Mysterious streams of microwaves that come from far across the galaxy have been traced to immense clouds of spinning diamonds that swirl around newly-born stars.

Astronomers have been stumped by the strange waves since they were first spotted more than 20 years ago, but now appear to have solved the puzzle after training US and Australian telescopes on rings of dust that circle stars about 500 light years from Earth.

Observations from the Green Bank Telescope in West Virginia and the Australia Telescope Compact Array in New South Wales found that the microwaves emanate only from stars which are surrounded by vast quantities of diamond particles which rotate tens of billions of times per second.

The diamond dust motes are only a millionth of a millimetre wide and so light that when they bump into each other they spin fast enough to emit microwaves which spread out across the universe, the scientists report in Nature Astronomy.

Researchers first became aware of what are called “anomalous microwave emissions” in 1996 when Nasa’s Cobe satellite created a full-sky map of radiation still visible from the big bang. The map revealed that some parts of the sky were inexplicably brighter in microwave frequencies than others.

At 0.75 to 1.1 millionths of a millimetre long, the diamond dust particles are vanishingly small. But Greaves estimates that stuck together, those around each star would weigh as much as the planet Mercury. When they are set spinning the particles emit microwaves because their electric charges are unevenly distributed, making one end of each nanodiamond positive and the other negative.

How the nanodiamonds are made in the first place is less clear, but they could form out of hot carbon vapour, or be thrown into space from exploding stars, where they drift and ultimately end up circling other newly-born stars.
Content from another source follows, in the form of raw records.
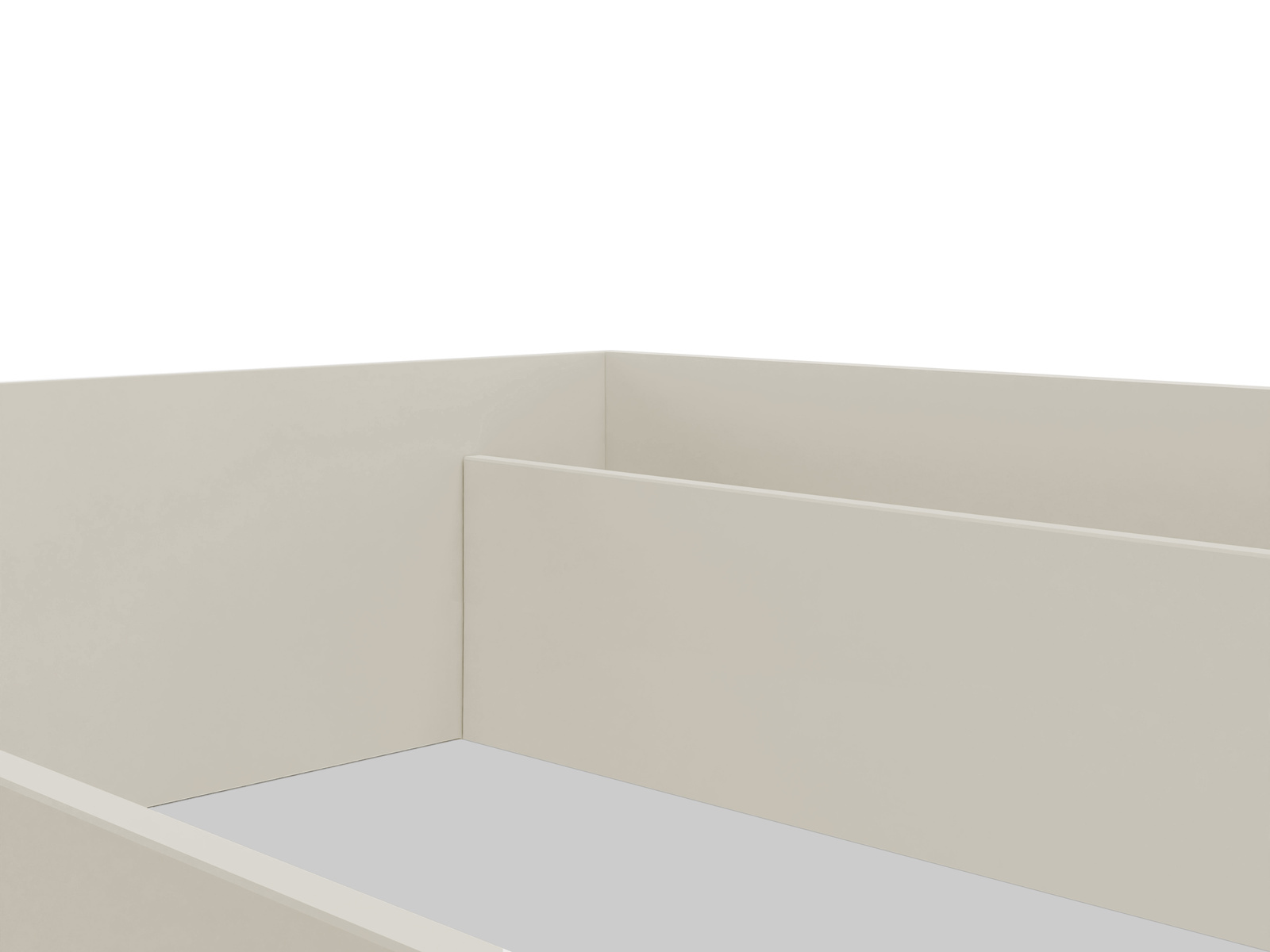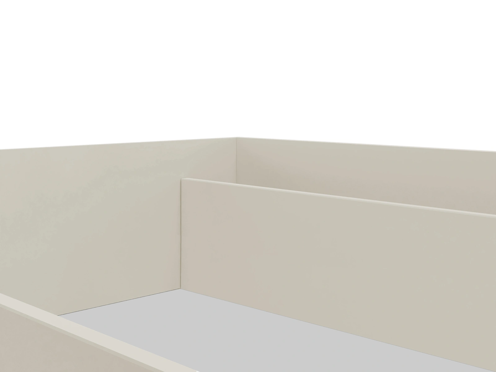 Łóżko wzmocnione poprzez 3 poprzeczne podpory tworzące dwie funkcjonalne przegrody wewnątrz łóżka.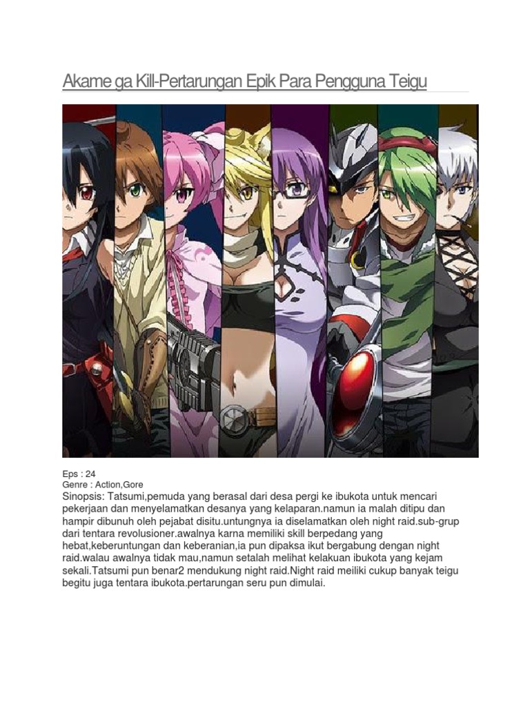 Teigu yang disebut jaegers. Terakhir diubah pada 4 juni 2019 pukul 1856. Tapi mimin tetap tabah dan melanjutkan ngikutin akame ga kill karna story line nya dan karna masih ada pengganti nya yaitu akame v v wtf. Night raid bersama dengan rekrutan baru susanoo seorang humanoid teigu milik najenda dan chelsea melawan jaegers dengan seryu wave dan adik perempuan akame kurome di antara barisannya.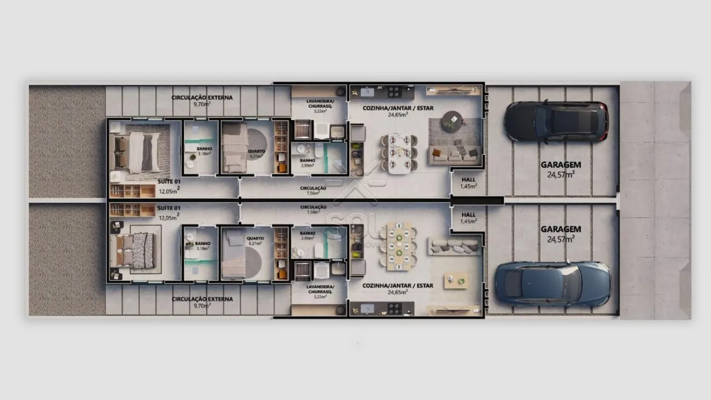 Com 68,39m² de área construída, em um terreno de 125m², a casa é bem distribuída e oferece ambientes modernos e funcionais.

Some tiny diamonds end up in meteorites and eventually make their way to Earth
.

Then, there's the really big ones:

Cold Dead Star May Be a Giant Diamond

https://www.space.com/26335-coldest-white-dwarf-star-diamond.html

Astronomers aren't being poetic when they say this star is a diamond.

Scientists have identified what is possibly the coldest white dwarf ever detected. In fact, this dim stellar corpse is so cold that its carbon has crystallized, effectively forming a diamond the size of Earth, astronomers said.

"It's a really remarkable object," study leader David Kaplan, a professor at the University of Wisconsin-Milwaukee, said in a statement from the National Radio Astronomy Observatory (NRAO). "These things should be out there, but because they are so dim they are very hard to find."